#### Required action
Data follows below. Repeat exactly the lines between the line holding "Maleri af Svend" and the line holding "Так просто создавать", inclusive, and nothing more; drop pictures.
--
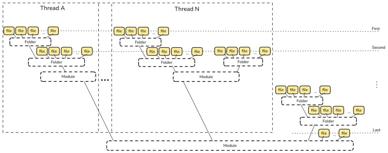The image illustrates a multi-threaded file processing workflow where sub-modules are processed first in parallel across multiple threads. Within each thread, all files in sub-modules and their folders are handled before the parent module’s files are processed. This ensures that processing starts from the deepest level and moves upward, maintaining correct dependency order and maximizing parallel efficiency:
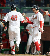 2015.04.09 20: 49정상호,'김사율 울리는 스리런포'
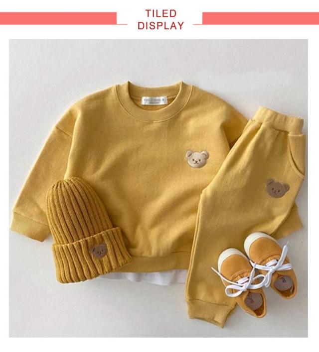 可愛いくま 子供服 ベビー服 セットアップ 2点セット 男の子 長袖 洋服 キッズ 女の子 オシャレ 上下セット 秋 普段着 春 ジュニア 遊び着 冬 お揃い カジュアル 防寒 保温 スウェットパンツ キッズ 暖かい 送料無料 80 90 100 110 120 130cm 1歳 2歳
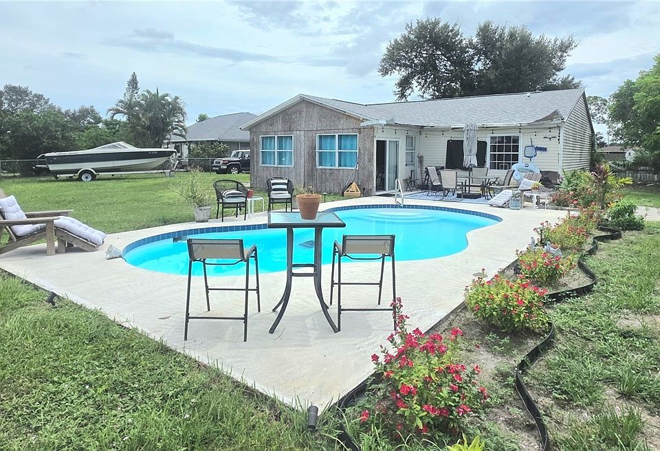 Endless Potential in North Port! This 3-bedroom, 2-bathroom home is full of opportunity, whether you’re an investor, flipper, or a homeowner ready to make it your own. Built in 1984, the property sits on a spacious .49-acre lot with mature landscaping and a fenced-in backyard perfect for entertaining, complete with an in-ground pool. The home offers an attached garage perfect for extra storage that includes laundry hook-up, plus a newer roof already in place. While the property is currently lived in, it has exterior hurricane damage from 2022 and 2024 that remains to be repaired, giving buyers the chance to update and restore it to their taste. Inside, the layout is cozy and functional, making it an excellent candidate for cosmetic upgrades and personalization. With its deep lot, pool, and convenient North Port location, this home provides a solid foundation and endless possibilities — whether you’re looking to invest, renovate, or create a charming Florida retreat of your own.
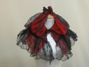 cappuccio e pannello dorsale separati, in merletto nero, doppiato in crespo molto trasparente rosso. Cappuccio ampio, con arricciatura che forma effetto di fiocco in corrispondenza della fronte; fissato alla basa ad una corta mantellina fittamente arricciata presso il collo a listino chiuso anteriormente da ganci. La mantellina in diverso merletto meccanico, è doppiata da un diverso crespo rosso. \nPannello lungo, formato da 2 teli di merletto; fitta pieghettatura riduce la larghezza in alto, nel punto che doveva essere fissato ad altra parte. Al fondo stondato si allarga come a formare strascico
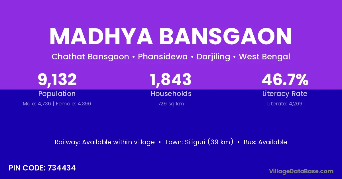 Siliguri (39 km) is the nearest town to Madhya Bansgaon village for major economic activities and is located approximately 39 km away.
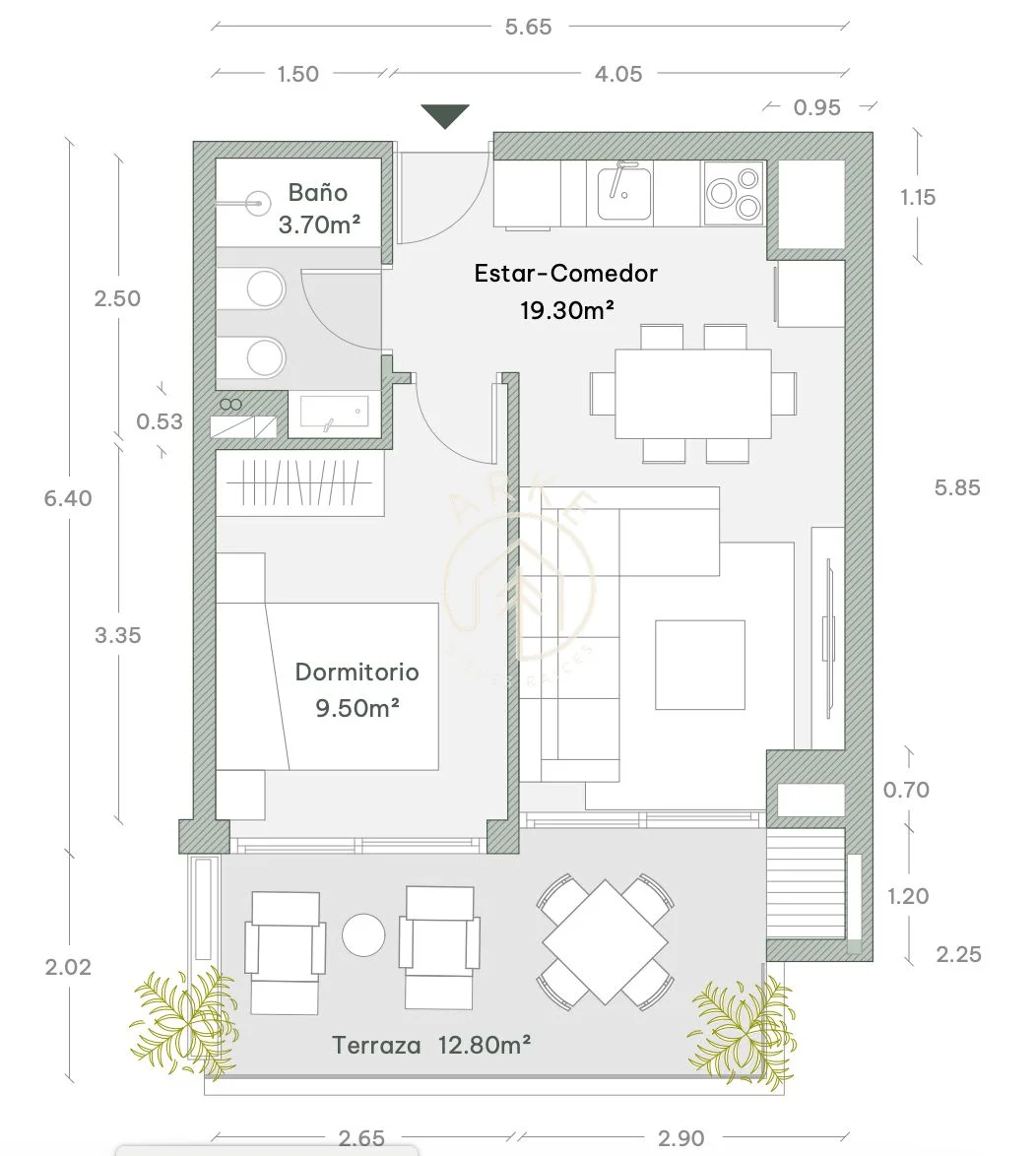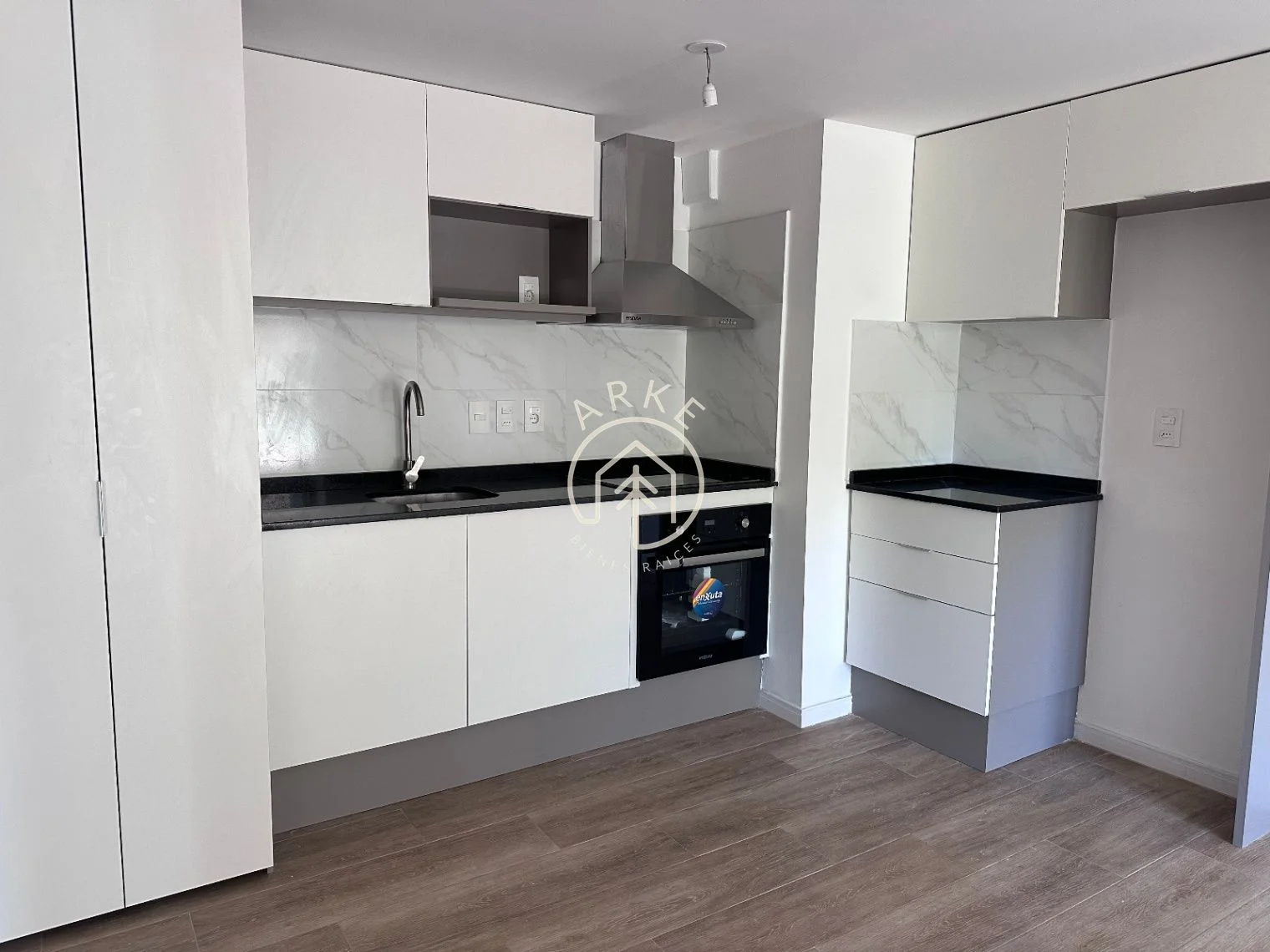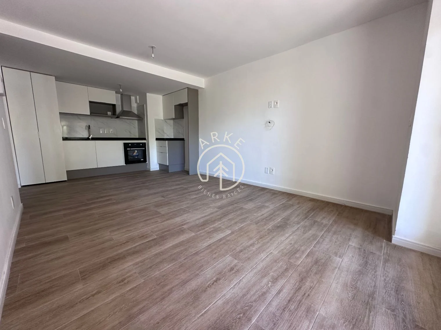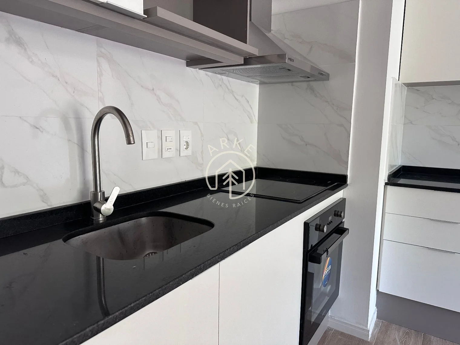 Living-comedor con cocina semi-integrada, equipada con: anafe, horno eléctrico empotrado y campana.
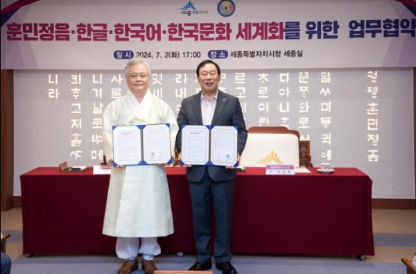 최민호 시장은 “과학적이고 우수한 문자인 훈민정음·한글의 위상을 전 세계에 알리고 한국문화가 주류로 자리매김하는 시대가 올 수 있도록 양 기관이 협력해 노력하겠다”고 말했다.
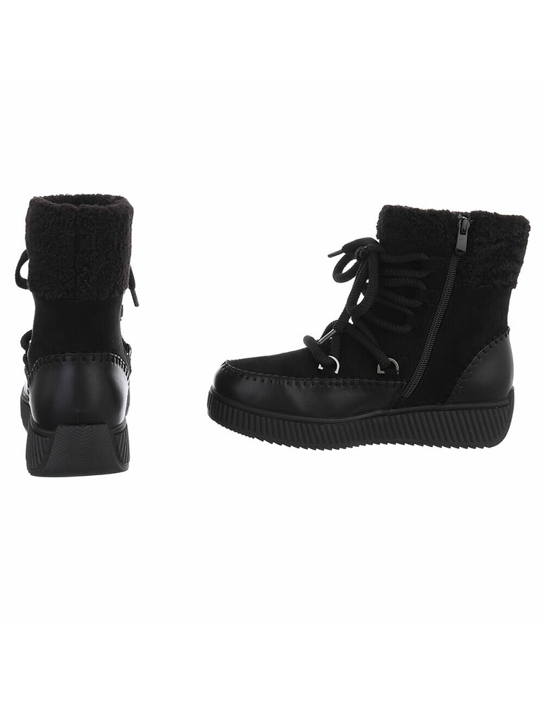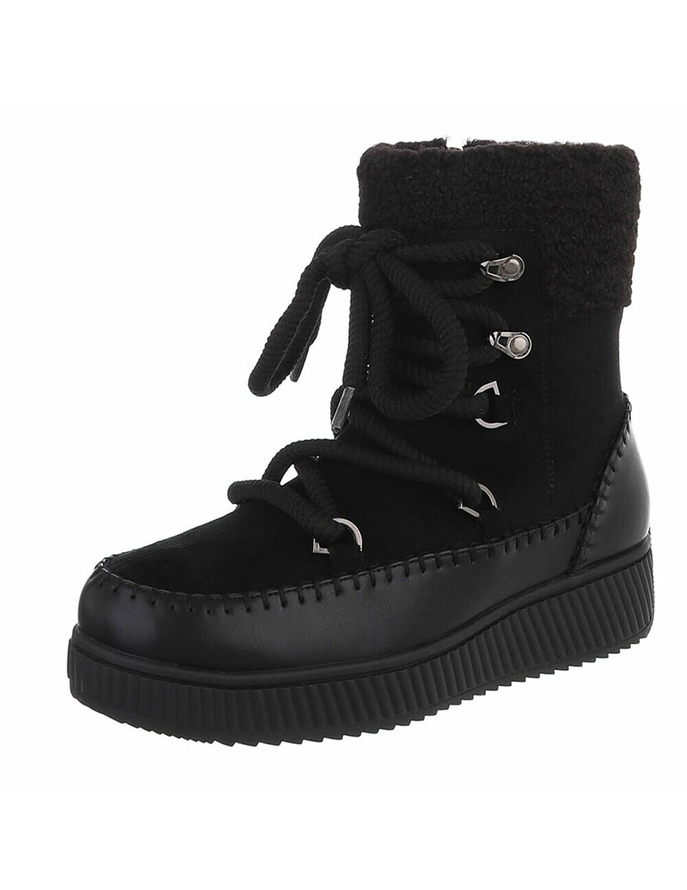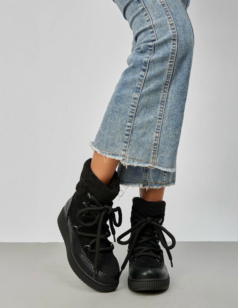 Čierne dámske snehule majú moderný, športovo-elegantný vzhľad. Zvršok je vyrobený z mäkkého materiálu ekosemiš a v hornej časti je doplnený o hrejivú kožušinovú manžetu. Väčšiešnúrky prechádzajú cez kovové očká a háčiky, čo dodáva topánkam výrazný štýl aj dobré prispôsobenie na nohe. Spodná časť je z hladkej ekokože so šitým lemovaním, ktoré pôsobí masívne a odolne. Podrážka je hrubšia, protišmyková a vhodná do zimných podmienok. Celkovo ide o pohodlné zimné snehule, ktoré poskytujú teplo, stabilitu a univerzálny vzhľad vhodný na každodenné nosenie.
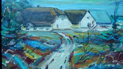 Maleri af Svend O. Kramer - Landskab med gård.
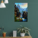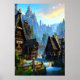 Viking town waterfall and mountain | AI Art Poster
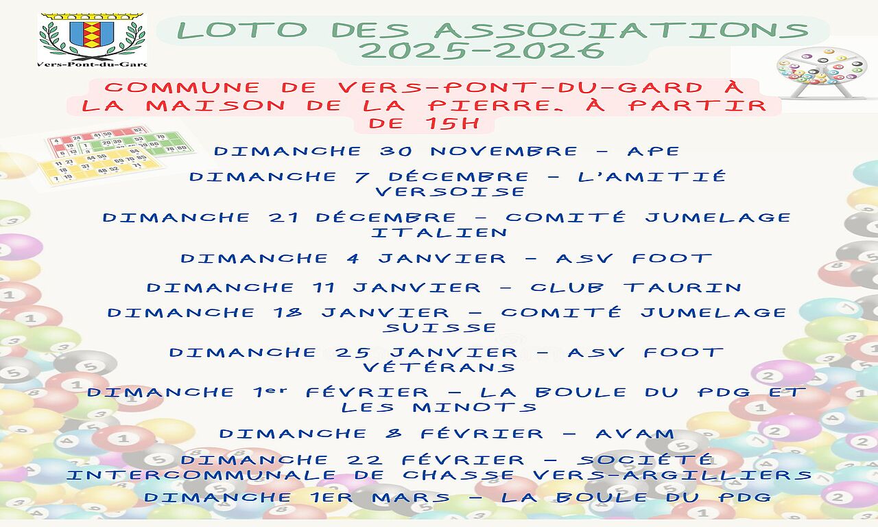 Distractions et loisirs, Loto, Vers-Pont-du-Gard:Loto des Associations
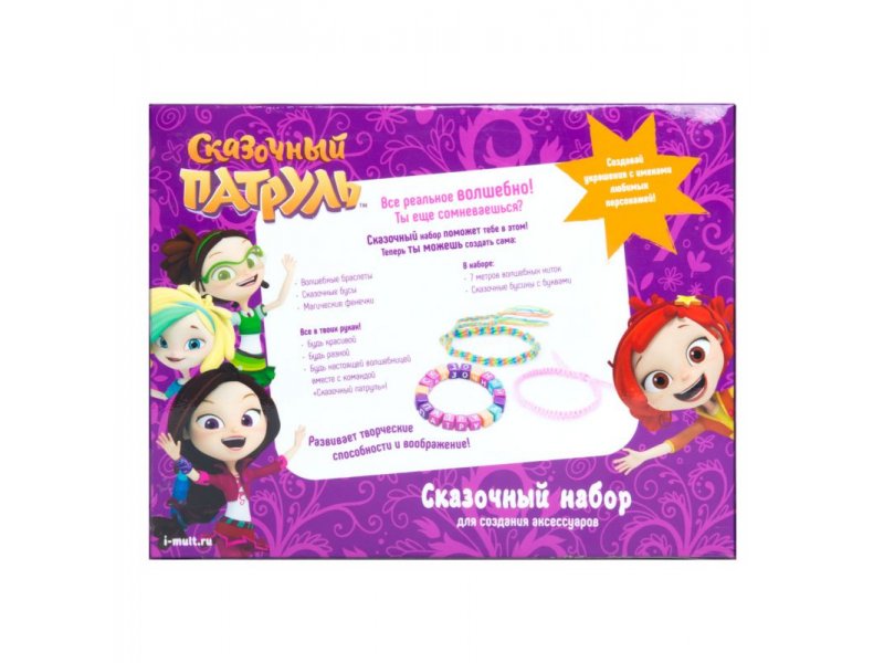 Так просто создавать невероятные украшения с набором для творчества Сказочный патруль! Из ярких бусин и ниток можно легко и быстро сплести фенечку, собрать браслет или бусы. Но самое главное - в комплекте есть разноцветные бусины с буквами, из них можно сделать украшение с надписью "Сказочный патруль" или именами девчонок.
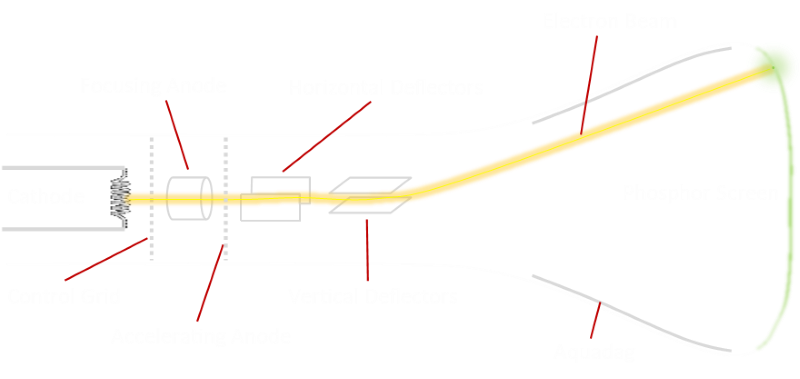 By adjusting these parameters it's possible to control the beam and move it anywhere on the screen, and specify it's brightness. By applying alternating parameters, the beam can be steered, and swept over the screen.
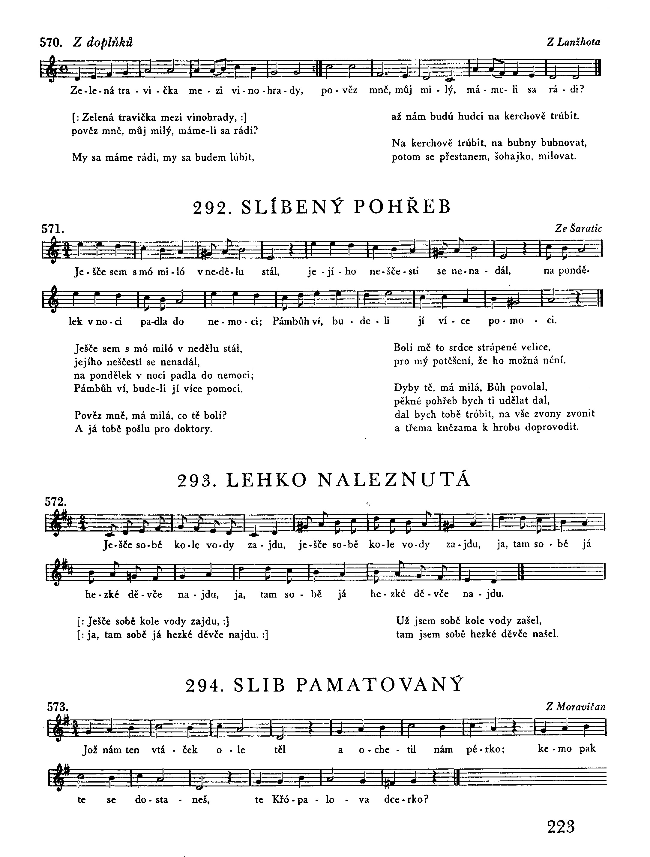 [: Žalo dívča, Žalo trávu :] nedaleko Velehradu. 1) Mladý pán sa z okna dívá, pro její krásu omdlívá. 2) Širuj, kočí, širuj koně, pojedeme v čiré pole. Přes to pole, přes široké, najdem dívča černooké. Dyž na tu lúku přijeli, na děvčátko zavolali. »Kdo ti kázal trávu žati? Musíš za to základ dati.« Kázali mně otec, máti, ti mia budú vymlúvati. Co ty, dívča, co ty nám dáš, dyž ty tu trávu kosíváš? Dávala jim srp, plachtičku; ej, my chceme tvú ručičku. Jak bych já vám ruku dala? Já su dcera pastýřova. Třeba si ty pastýřova, sedaj s námi do kočára. Jak do kočára sedala, k Velehradu pohlédala. 3) Co ty, dívča, sa ohlédáš, zdáli ty tam někoho máš? Já pohlédám k Velehradu, mé sestřičky tam smítajú. 4) Mladší sestra povazuje, starší za ňú prozpěvuje. Mé sestřičky, s Pánem Bohem, ej, já musím s tímto pánem. Ani sem sa nenadála, že bych měla muža pána. Já sem sa také nenadál, že bych sobě pastýřku vzal.
--
#### Result for this exercise
 Maleri af Svend O. Kramer - Landskab med gård.
 Viking town waterfall and mountain | AI Art Poster
 Distractions et loisirs, Loto, Vers-Pont-du-Gard:Loto des Associations
 Так просто создавать невероятные украшения с набором для творчества Сказочный патруль! Из ярких бусин и ниток можно легко и быстро сплести фенечку, собрать браслет или бусы. Но самое главное - в комплекте есть разноцветные бусины с буквами, из них можно сделать украшение с надписью "Сказочный патруль" или именами девчонок.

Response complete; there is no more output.